» **Work item**: Repeat the listing below word for word, minus the pictures.

» **Records shown**:
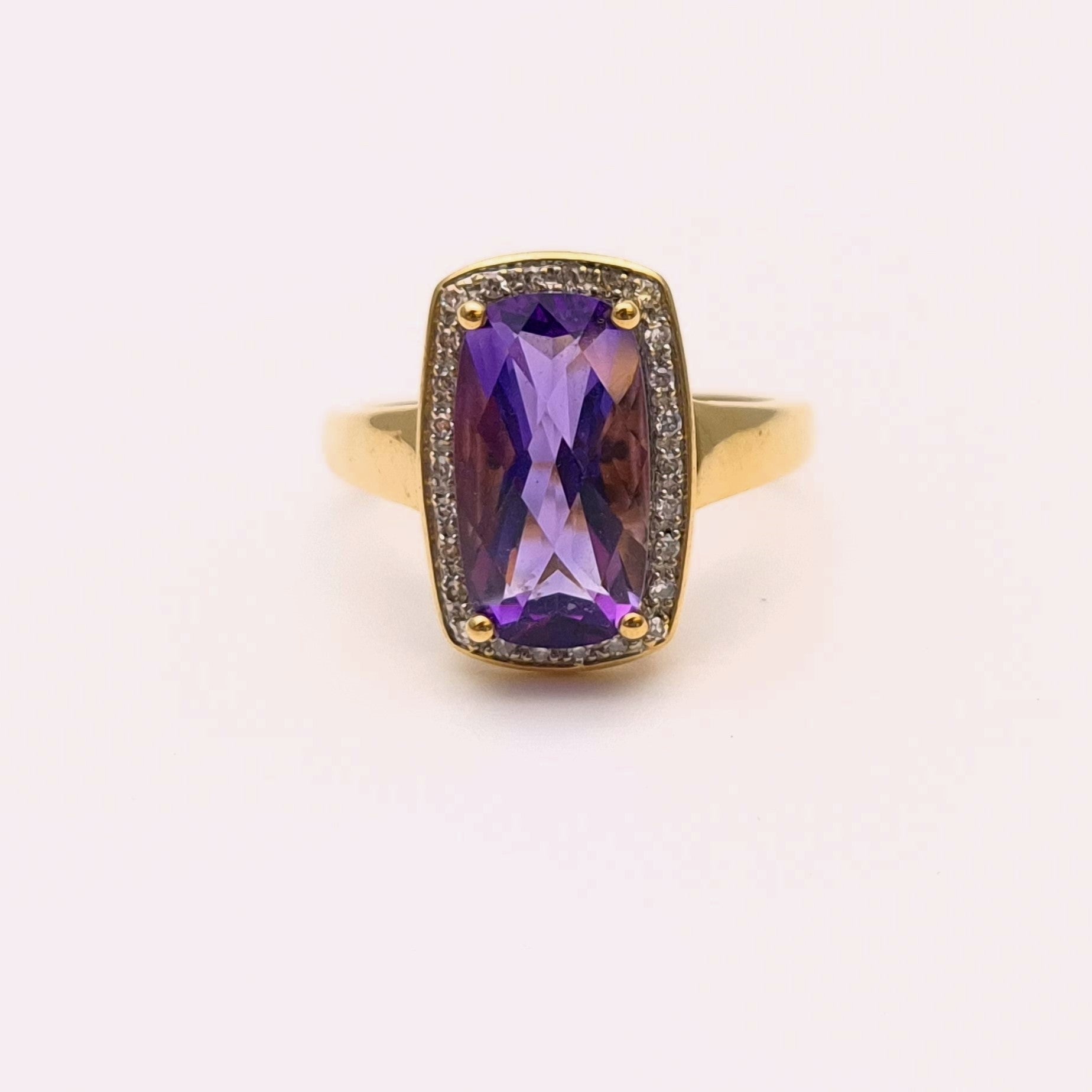 9ct Yellow Gold Chequerboard Rectangular Amethyst and Diamond Halo Cluster Ring
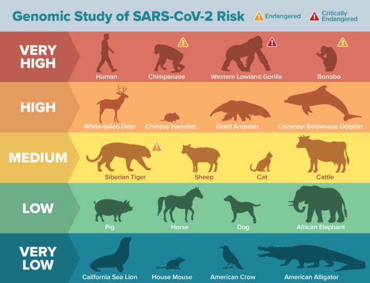 "The data provide an important starting point for identifying vulnerable and threatened animal populations at risk of SARS-CoV-2 infection," said Harris Lewin, lead author for the study and a distinguished professor of evolution and ecology at UC Davis. "We hope it inspires practices that protect both animal and human health during the pandemic."
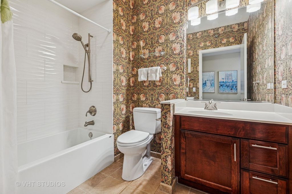 Live a fabulous lifestyle at the Fordham, a full service building in The Cathedral District right off the Mag Mile. Unit 2402 is a bright corner unit with 2 bedrooms, 2 bathrooms, a private terrace, north city views, and west sunsets. The unit has large bay windows, beautiful hardwood floors, a gas fireplace, and an updated kitchen. The kitchen was redone in 2018 with new countertops, backsplash, cabinets, a new double oven, and a spacious pantry closet. The primary bedroom has hardwood floors, 3 generously sized built out closets, plus an additional den space with expansive built-ins, perfect for the person who works at home. The space can easily be transformed into a large closet, nursery, or whatever fits your lifestyle best. The en-suite primary bathroom features a spacious new shower that replaced the original tub, allowing for an extra large shower. You will also enjoy plenty of storage, including a double bowl vanity, large linen closet and medicine cabinets. The second bedroom can fit a queen size bed, has a built-in bookcase, and makes the perfect den or guest room. The second bathroom has a new tub / shower combo. There is a true laundry room with a full size side-by-side washer and dryer (which is rare in the city). Lifestyle amenities include indoor pool, sundeck, fitness center, spa, massage room, sauna, hospitality center, private movie theatre, wine storage, humidor, smoking room, bike room, onsite manager, doorman, and dry cleaner. Enjoy shopping on the Mag Mile, trips to the nearby beach, and eating at some of the city's best restaurants, all just within blocks. Located across the street is a wonderful new Whole Foods and Lifestyle gym. Easy access to public transportation and the highway. Parking space P-941 and storage locker #643 included in the price.
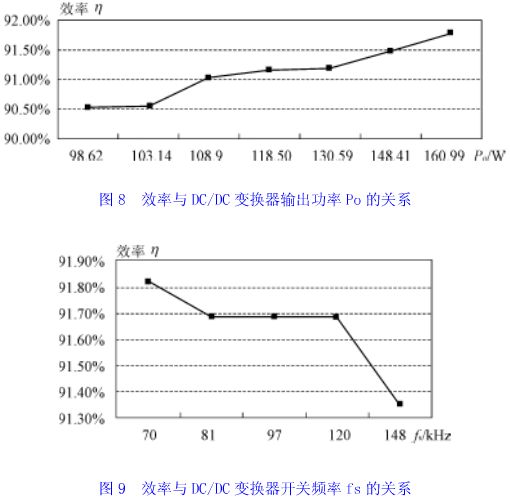 圖7(a)、7(b)、7(c)給出了實(shí)測(cè)的主開(kāi)關(guān)管工作電壓、電流波形。圖7(a)顯示主開(kāi)關(guān)管工作在硬開(kāi)關(guān)狀態(tài)。圖7(b)和圖7(c)分別是采用增加勵(lì)磁電流方法和應(yīng)用磁飽和電感器方法實(shí)現(xiàn)零電壓軟開(kāi)關(guān)的電壓電流波形,后者明顯地降低了勵(lì)磁電流和開(kāi)關(guān)管電流的峰值。實(shí)測(cè)波形與理論分析完全一致。圖8、9顯示出了實(shí)測(cè)的效率曲線(xiàn)。從圖9中看出,當(dāng)變換器開(kāi)關(guān)頻率增加時(shí),變壓器勵(lì)磁電流損耗和開(kāi)關(guān)管通態(tài)損耗所占比重增加,變換器效率降低了。實(shí)驗(yàn)結(jié)果驗(yàn)證了理論分析。
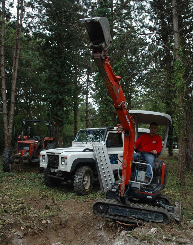 Réaliser un tel test ne pouvait pas se faire à la légère, alors à la rédaction nous avons sorti le matériel, imaginez un peu… une pelleteuse ( pour faire une vraie tranchée !), un tracteur 4x4 ( pour ressortir le Land et assurer le coup !), un Land bien équipé et qui craint rien (grosses roues et blocages !) et … un grand et gros chien ( parce qu’on l’aime bien jym !)!!!
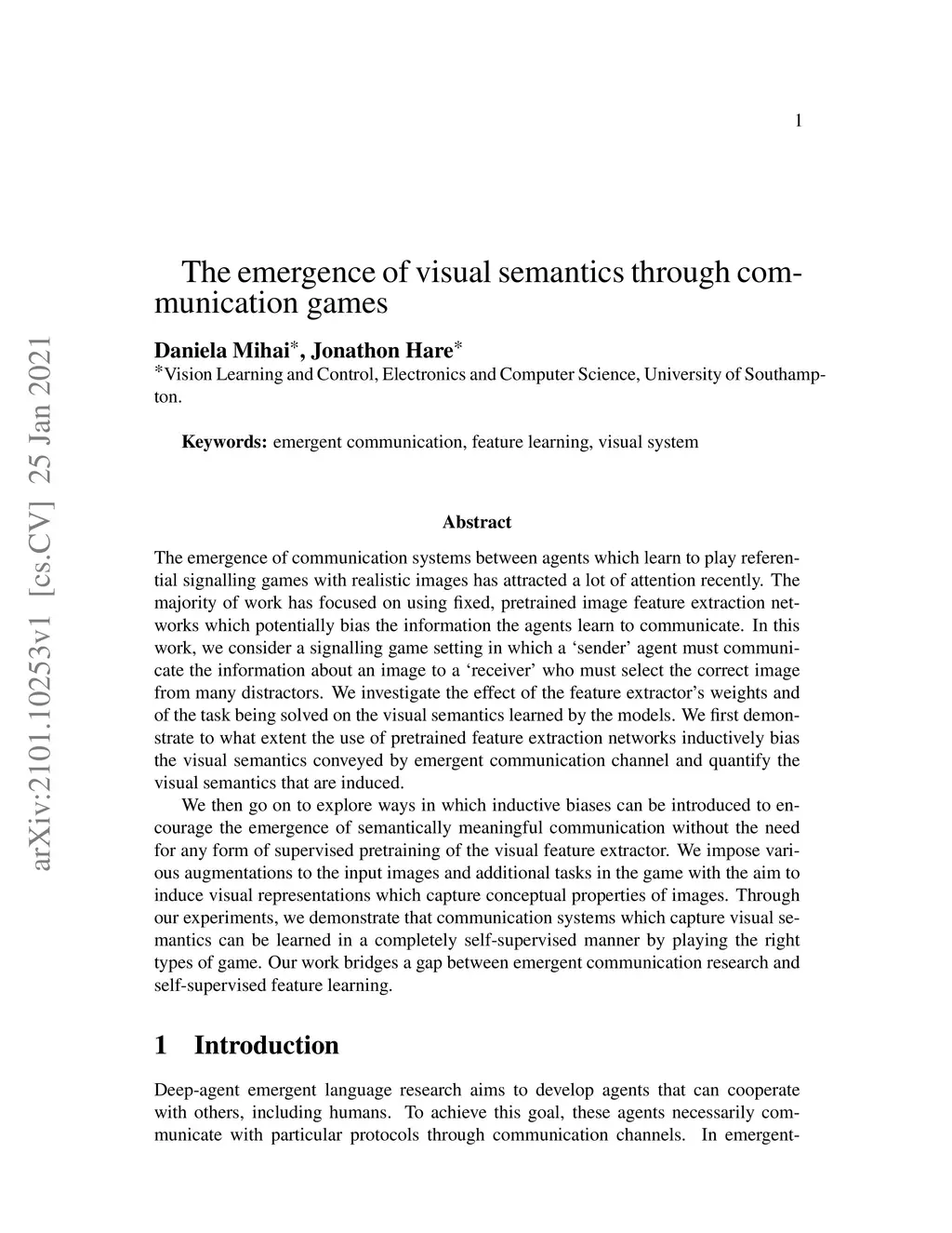 The emergence of communication systems between agents which learn to play referential signalling games with realistic images has attracted a lot of attention recently. The majority of work has focused on using fixed, pretrained image feature extraction networks which potentially bias the information the agents learn to communicate. In this work, we consider a signalling game setting in which a `sender' agent must communicate the information about an image to a `receiver' who must select the correct image from many distractors. We investigate the effect of the feature extractor's weights and of the task being solved on the visual semantics learned by the models. We first demonstrate to what extent the use of pretrained feature extraction networks inductively bias the visual semantics conveyed by emergent communication channel and quantify the visual semantics that are induced. We then go on to explore ways in which inductive biases can be introduced to encourage the emergence of semantically meaningful communication without the need for any form of supervised pretraining of the visual feature extractor. We impose various augmentations to the input images and additional tasks in the game with the aim to induce visual representations which capture conceptual properties of images. Through our experiments, we demonstrate that communication systems which capture visual semantics can be learned in a completely self-supervised manner by playing the right types of game. Our work bridges a gap between emergent communication research and self-supervised feature learning.
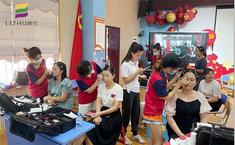 6月29日,麗竹學(xué)校組織化妝班學(xué)員為首府南寧紀(jì)檢監(jiān)察系統(tǒng)慶祝中國(guó)共產(chǎn)黨成立100周年合唱比賽提供妝造服務(wù)
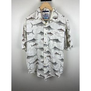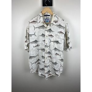 Tag & Brag All Over Print AOP Sword Fish Button Up Tee Shirt 26x33 - L
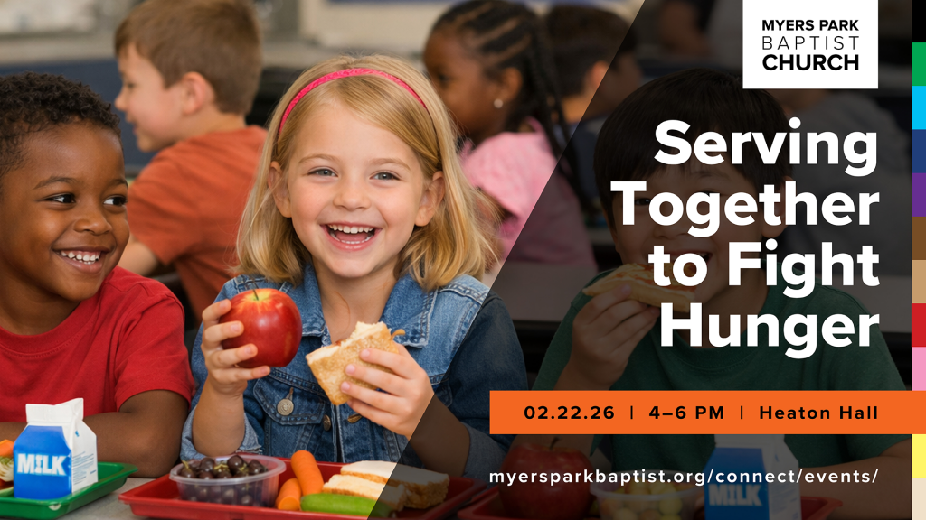 On Sunday, February 22, 2026, from 4:00–6:00 pm, Myers Park Baptist Church invites everyone—children, youth, adults, and seniors—to gather in Heaton Hall for an intergenerational, churchwide service event focused on addressing hunger in our community. We'll fuel the fun with pizza and dessert for all volunteers.

» **Completed task**:
 9ct Yellow Gold Chequerboard Rectangular Amethyst and Diamond Halo Cluster Ring
 "The data provide an important starting point for identifying vulnerable and threatened animal populations at risk of SARS-CoV-2 infection," said Harris Lewin, lead author for the study and a distinguished professor of evolution and ecology at UC Davis. "We hope it inspires practices that protect both animal and human health during the pandemic."
 Live a fabulous lifestyle at the Fordham, a full service building in The Cathedral District right off the Mag Mile. Unit 2402 is a bright corner unit with 2 bedrooms, 2 bathrooms, a private terrace, north city views, and west sunsets. The unit has large bay windows, beautiful hardwood floors, a gas fireplace, and an updated kitchen. The kitchen was redone in 2018 with new countertops, backsplash, cabinets, a new double oven, and a spacious pantry closet. The primary bedroom has hardwood floors, 3 generously sized built out closets, plus an additional den space with expansive built-ins, perfect for the person who works at home. The space can easily be transformed into a large closet, nursery, or whatever fits your lifestyle best. The en-suite primary bathroom features a spacious new shower that replaced the original tub, allowing for an extra large shower. You will also enjoy plenty of storage, including a double bowl vanity, large linen closet and medicine cabinets. The second bedroom can fit a queen size bed, has a built-in bookcase, and makes the perfect den or guest room. The second bathroom has a new tub / shower combo. There is a true laundry room with a full size side-by-side washer and dryer (which is rare in the city). Lifestyle amenities include indoor pool, sundeck, fitness center, spa, massage room, sauna, hospitality center, private movie theatre, wine storage, humidor, smoking room, bike room, onsite manager, doorman, and dry cleaner. Enjoy shopping on the Mag Mile, trips to the nearby beach, and eating at some of the city's best restaurants, all just within blocks. Located across the street is a wonderful new Whole Foods and Lifestyle gym. Easy access to public transportation and the highway. Parking space P-941 and storage locker #643 included in the price.
 圖7(a)、7(b)、7(c)給出了實(shí)測(cè)的主開(kāi)關(guān)管工作電壓、電流波形。圖7(a)顯示主開(kāi)關(guān)管工作在硬開(kāi)關(guān)狀態(tài)。圖7(b)和圖7(c)分別是采用增加勵(lì)磁電流方法和應(yīng)用磁飽和電感器方法實(shí)現(xiàn)零電壓軟開(kāi)關(guān)的電壓電流波形,后者明顯地降低了勵(lì)磁電流和開(kāi)關(guān)管電流的峰值。實(shí)測(cè)波形與理論分析完全一致。圖8、9顯示出了實(shí)測(cè)的效率曲線(xiàn)。從圖9中看出,當(dāng)變換器開(kāi)關(guān)頻率增加時(shí),變壓器勵(lì)磁電流損耗和開(kāi)關(guān)管通態(tài)損耗所占比重增加,變換器效率降低了。實(shí)驗(yàn)結(jié)果驗(yàn)證了理論分析。
 Réaliser un tel test ne pouvait pas se faire à la légère, alors à la rédaction nous avons sorti le matériel, imaginez un peu… une pelleteuse ( pour faire une vraie tranchée !), un tracteur 4x4 ( pour ressortir le Land et assurer le coup !), un Land bien équipé et qui craint rien (grosses roues et blocages !) et … un grand et gros chien ( parce qu’on l’aime bien jym !)!!!
 The emergence of communication systems between agents which learn to play referential signalling games with realistic images has attracted a lot of attention recently. The majority of work has focused on using fixed, pretrained image feature extraction networks which potentially bias the information the agents learn to communicate. In this work, we consider a signalling game setting in which a `sender' agent must communicate the information about an image to a `receiver' who must select the correct image from many distractors. We investigate the effect of the feature extractor's weights and of the task being solved on the visual semantics learned by the models. We first demonstrate to what extent the use of pretrained feature extraction networks inductively bias the visual semantics conveyed by emergent communication channel and quantify the visual semantics that are induced. We then go on to explore ways in which inductive biases can be introduced to encourage the emergence of semantically meaningful communication without the need for any form of supervised pretraining of the visual feature extractor. We impose various augmentations to the input images and additional tasks in the game with the aim to induce visual representations which capture conceptual properties of images. Through our experiments, we demonstrate that communication systems which capture visual semantics can be learned in a completely self-supervised manner by playing the right types of game. Our work bridges a gap between emergent communication research and self-supervised feature learning.
 6月29日,麗竹學(xué)校組織化妝班學(xué)員為首府南寧紀(jì)檢監(jiān)察系統(tǒng)慶祝中國(guó)共產(chǎn)黨成立100周年合唱比賽提供妝造服務(wù)
 Tag & Brag All Over Print AOP Sword Fish Button Up Tee Shirt 26x33 - L
 On Sunday, February 22, 2026, from 4:00–6:00 pm, Myers Park Baptist Church invites everyone—children, youth, adults, and seniors—to gather in Heaton Hall for an intergenerational, churchwide service event focused on addressing hunger in our community. We'll fuel the fun with pizza and dessert for all volunteers.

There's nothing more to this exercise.